Task requirements
Note on the material below: return exactly the lines from the line that holds "纯棉袜子女韩版中筒长筒袜潮袜女Ins袜纯色男女袜运动袜情侣男袜" through the line that holds "Мобиль на кроватку", and leave out each picture.

Source material
----

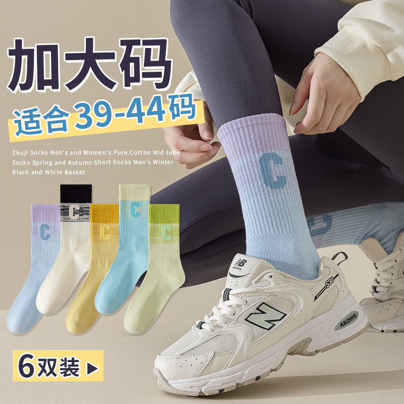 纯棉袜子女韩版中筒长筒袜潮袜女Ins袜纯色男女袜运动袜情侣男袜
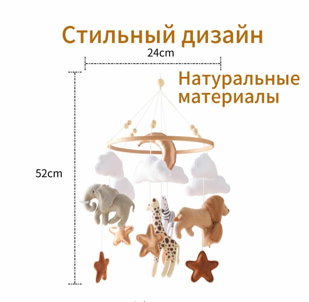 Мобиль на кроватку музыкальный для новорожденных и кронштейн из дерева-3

----

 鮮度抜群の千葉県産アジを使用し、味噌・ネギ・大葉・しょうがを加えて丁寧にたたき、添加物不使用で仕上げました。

----

Response to this exercise
 纯棉袜子女韩版中筒长筒袜潮袜女Ins袜纯色男女袜运动袜情侣男袜
 Мобиль на кроватку музыкальный для новорожденных и кронштейн из дерева-3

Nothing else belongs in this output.